#### How to complete this task
The required answer is the data below, restated word for word with images omitted.

[Start of section]

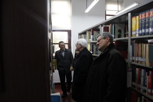 Mark Poustie教授、Anthony McGrew教授一行人首先在常姗老师的陪同下参观我院图书馆。
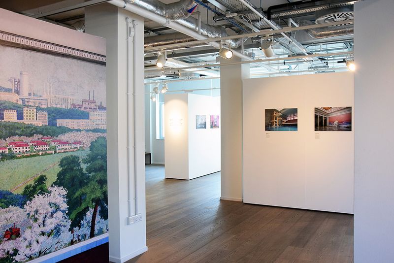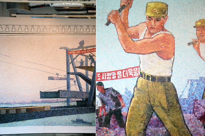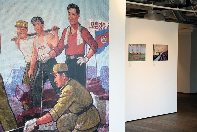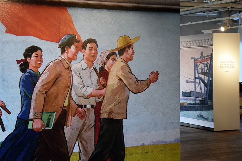 Mosaics from the Pyongyang Metro stations, reproduced as wall-sized images in the exhibition, depict heroic scenes of postwar reconstruction, alongside bounteous landscapes of agriculture and industry, showcasing the achievements of the new nation.
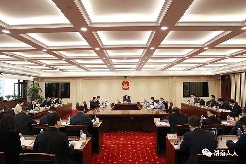 會議還研究了全國“兩會”精神和《湖南省人民代表大會常務委員會關(guān)于科學精準及時有效做好全省新冠肺炎疫情防控工作的決定》(以下簡稱決定)的貫徹落實工作,聽取了各專門委員會,常委會工作機構(gòu)、辦事機構(gòu)的工作匯報。常委會黨組成員、主任會議成員就如何更好地做好貫徹落實工作進行了交流發(fā)言。會議要求,要認真落實省委和省委書記、省人大常委會主任張慶偉的指示要求,加大對決定的宣傳力度,加強對決定貫徹落實情況的監(jiān)督檢查。堅持深學細悟,堅持務實推進,推動重點任務干一件、成一件;要緊盯目標任務,緊盯短板弱項,堅持問題導向,拿出務實舉措;要強化統(tǒng)籌協(xié)同,強化跟蹤問效,確保省委交給人大的工作任務全面落實、取得成效。
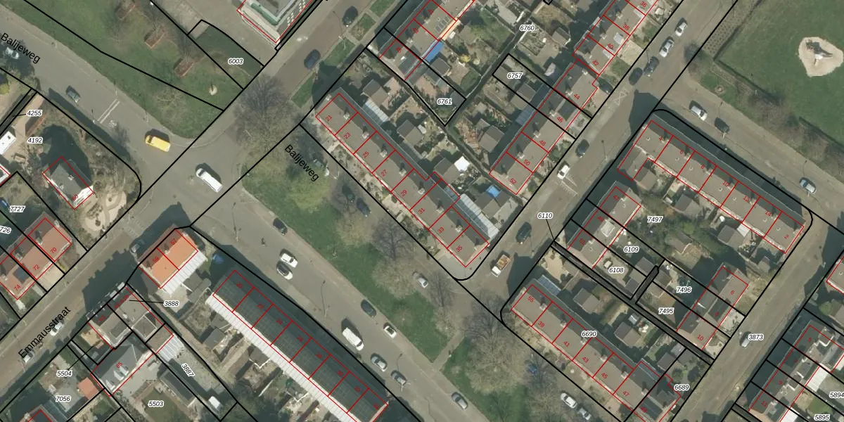 Het perceel waarop Balijeweg 31 staat heeft een oppervlakte van 4630 m². Dit is een zeer groot perceel. De perceeloppervlakte wordt geregistreerd door het Kadaster. Gedetailleerde informatie over de maten van dit perceel kunt u vinden in het rapport Kadastrale kaart met maatvoering van Balijeweg 31.
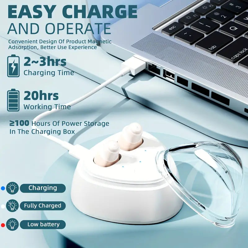 The charging box has long-lasting battery life and can work for 100 hours when fully charged
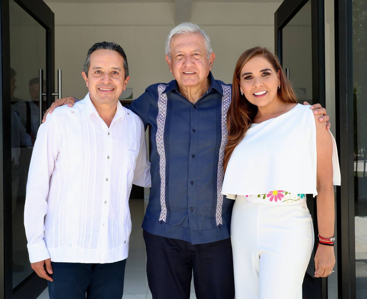 “Siempre un gusto recibirlo en casa Presidente, Andrés Manuel López Obrador. La transformación avanza fuertemente en el sureste con las obras del Tren Maya, aeropuertos de Tulum y Chetumal, Parque del Jaguar en Tulum, Puente Nichupté, nuevo bulevar Colosio, Distribuidor vial aeropuerto y avenida Chac Mool en Cancun. ¡Gracias por todo su cariño a QuintanaRoo! QueSigaLa4T”, escribió Mara Lezama en sus redes sociales.
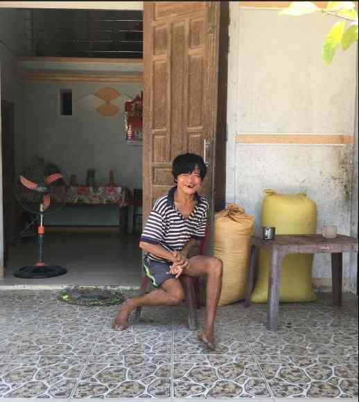 Con đầu là anh Nguyễn Vũ Á (50 tuổi) - ăn uống phải đút, phải tắm rửa cho, chỉ quanh quẩn trong nhà, ăn cháo, khi nào đau thì đi Bv
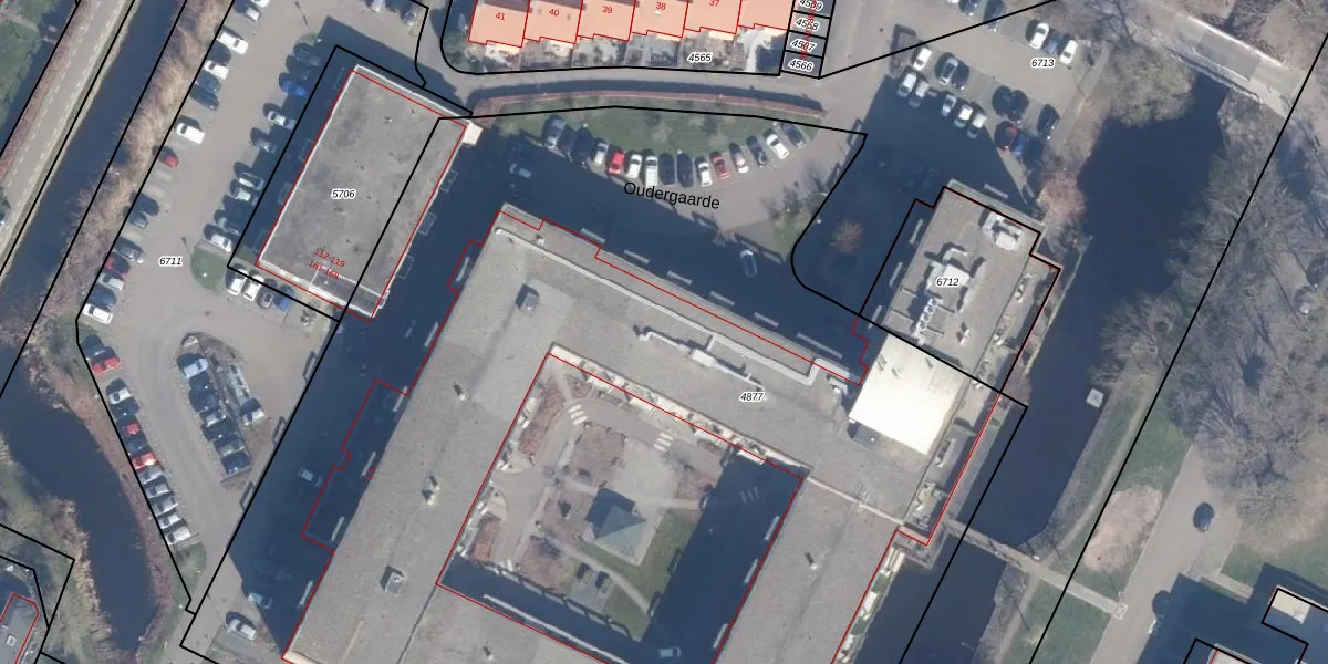 Het perceel waarop Oudergaarde 1-209 staat heeft een oppervlakte van 9365 m². Dit is een zeer groot perceel. De perceeloppervlakte wordt geregistreerd door het Kadaster. Gedetailleerde informatie over de maten van dit perceel kunt u vinden in het rapport Kadastrale kaart met maatvoering van Oudergaarde 1-209.

[End of section]

#### Reply
 Mark Poustie教授、Anthony McGrew教授一行人首先在常姗老师的陪同下参观我院图书馆。
 Mosaics from the Pyongyang Metro stations, reproduced as wall-sized images in the exhibition, depict heroic scenes of postwar reconstruction, alongside bounteous landscapes of agriculture and industry, showcasing the achievements of the new nation.
 會議還研究了全國“兩會”精神和《湖南省人民代表大會常務委員會關(guān)于科學精準及時有效做好全省新冠肺炎疫情防控工作的決定》(以下簡稱決定)的貫徹落實工作,聽取了各專門委員會,常委會工作機構(gòu)、辦事機構(gòu)的工作匯報。常委會黨組成員、主任會議成員就如何更好地做好貫徹落實工作進行了交流發(fā)言。會議要求,要認真落實省委和省委書記、省人大常委會主任張慶偉的指示要求,加大對決定的宣傳力度,加強對決定貫徹落實情況的監(jiān)督檢查。堅持深學細悟,堅持務實推進,推動重點任務干一件、成一件;要緊盯目標任務,緊盯短板弱項,堅持問題導向,拿出務實舉措;要強化統(tǒng)籌協(xié)同,強化跟蹤問效,確保省委交給人大的工作任務全面落實、取得成效。
 Het perceel waarop Balijeweg 31 staat heeft een oppervlakte van 4630 m². Dit is een zeer groot perceel. De perceeloppervlakte wordt geregistreerd door het Kadaster. Gedetailleerde informatie over de maten van dit perceel kunt u vinden in het rapport Kadastrale kaart met maatvoering van Balijeweg 31.
 The charging box has long-lasting battery life and can work for 100 hours when fully charged
 “Siempre un gusto recibirlo en casa Presidente, Andrés Manuel López Obrador. La transformación avanza fuertemente en el sureste con las obras del Tren Maya, aeropuertos de Tulum y Chetumal, Parque del Jaguar en Tulum, Puente Nichupté, nuevo bulevar Colosio, Distribuidor vial aeropuerto y avenida Chac Mool en Cancun. ¡Gracias por todo su cariño a QuintanaRoo! QueSigaLa4T”, escribió Mara Lezama en sus redes sociales.
 Con đầu là anh Nguyễn Vũ Á (50 tuổi) - ăn uống phải đút, phải tắm rửa cho, chỉ quanh quẩn trong nhà, ăn cháo, khi nào đau thì đi Bv
 Het perceel waarop Oudergaarde 1-209 staat heeft een oppervlakte van 9365 m². Dit is een zeer groot perceel. De perceeloppervlakte wordt geregistreerd door het Kadaster. Gedetailleerde informatie over de maten van dit perceel kunt u vinden in het rapport Kadastrale kaart met maatvoering van Oudergaarde 1-209.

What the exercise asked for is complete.